DBMS/Compare Executive Summary...

Identify differences or similarities across databases, analytical tables or mailing lists.  DBMS/Compare can examine the field content across multiple databases and extract the unique reference numbers for any records that have (or do not have) the same content. Records that have changed in some way across snapshot databases can be extracted for detailed analysis.

Typically used as extension to data audit, this utility has the ability to spot change – both on a record and field basis – and produce HTML and Excel output identifying the records that are different. The software aids the data mining process by identifying just records where data has changed, allowing the user to isolate these data in order to minimise the analysis required to track changes in customer behaviour.

Click here to view other software for data improvement

Click here to see an overview of our data improvement and enrichment services


Overview...

  • Do you have tens, hundreds, or thousands of databases and you aren't sure what's in them?

  • Have you made copies of tables and asked yourself:
            Are they exact copies?
            Have I deleted some fields?
            Did I add extra calculated fields?
            Is it a subset?
            Does it contain more records for the same project?

  • Do you want to compare snapshots of two or more customer segments saved at different time intervals, spot which records have changed (or have remained constant), then extract a file of unique reference numbers and use this file to reduce any subsequent data analysis process?

  • Would you like one spreadsheet, text file or html page showing all variables on all databases?

  • Would you like to build an output file with all the values of all the variables on any number of databases?

  • Have you inherited a long term project and have no idea what is contained in what file?

DBMS/Compare can help you answer all these questions.

Download an evaluation copy of DBMS/Compare 

Order a copy of DBMS/Compare (and or DBMS/Copy)

As hard drives have increased in size we tend not to delete data files.  Why should we?  They might contain useful information.  What's a little wasted disk space?  In a world of faster computers we are able to play "what-if" by building subsets, computing new fields and testing ideas with the data.  The end result is a disk drive full of data.  Some of it may be duplicates, some may be subsets and some of it the original source data.  DBMS/Compare, an exciting new program from the developers of DBMS/COPY, is here to help you make sense of your data files.

How does it work?

Select the Files

DBMS/Compare can search any directory and subdirectories looking for your files.  Here are the sample steps to follow:

  • Specify the starting directory

  • Decide if you want subdirectories scanned

  • Define the filename filter

  • Pick the file types you want to search or locate

The Database and Variable View

After DBMS/Compare finds all the files, it builds the following window.  The window has two views:  Databases and Variables.

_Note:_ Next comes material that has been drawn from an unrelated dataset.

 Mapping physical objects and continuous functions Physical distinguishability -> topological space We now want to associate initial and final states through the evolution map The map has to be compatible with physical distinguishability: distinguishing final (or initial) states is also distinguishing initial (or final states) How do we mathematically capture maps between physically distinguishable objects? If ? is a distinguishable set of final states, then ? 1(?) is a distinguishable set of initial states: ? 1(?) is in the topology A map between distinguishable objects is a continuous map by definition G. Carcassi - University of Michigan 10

The Database view, shows the following information on each file: the directory, filename, extension, creation date, record count, variable count, and a list of the variables on the file.

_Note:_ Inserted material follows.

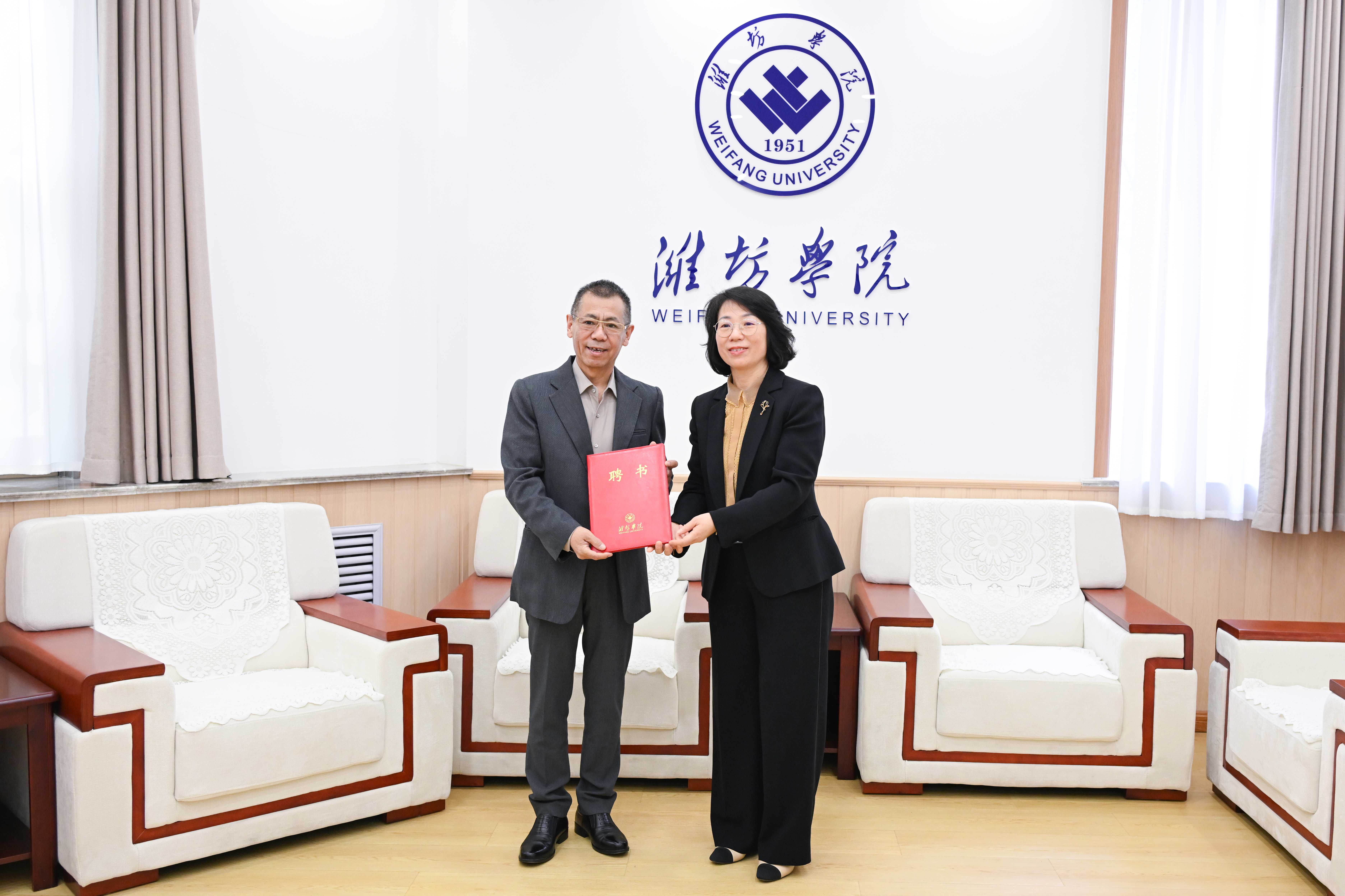 会前,学校党委副书记、校长王霞会见了中国乐器协会理事长孙瑞勇,并为其颁发客座教授聘书。

The Variable view, shows the variable names, the number of databases containing the variable, and a list of the databases.

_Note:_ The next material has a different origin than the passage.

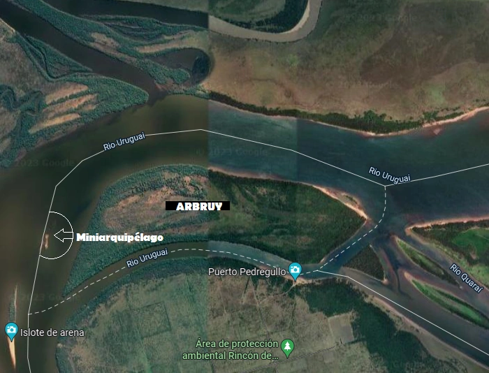 A "Ilha Brasileira" [atual Arbruy] está localizada na foz do rio Uruguai, entre os municípios de Barra do Quaraí (Brasil), Bella Unión (Uruguai) e Monte Caseros (Argentina). Dentro de seu território soberano fluvial, há uma pequena ilha ao nordeste a ao oeste o mini Arquipélago de Unión.

In the screen shot below, the Database view shows the variable names in a "compressed" view.  The Variable view shows the database names in an "expanded" view.  The database names are in the column heading and each variable/database intersection has a coloured block.  You can switch back and forth between compressed and expanded views.

Database Sorting Options

The database display can be sorted by: directory, filename, extension, creation date, or variable count.  

Here is the list of databases sorted by the record count.

Looking at the display you can quickly see that the 2nd and 3rd databases have the same record counts, same creation date and what is probably the same variable list.  (There is a sort option that will check for variable name matches.)  You can also see that the 4th and 5th databases look like they might be related to the other two databases because the variable names are the same except for the last two digits.  It might be that the data is for 1997 and 1998.)

Variable Sorting Options

The variable display can be sorted by variable name or the number of databases which contain a variable.  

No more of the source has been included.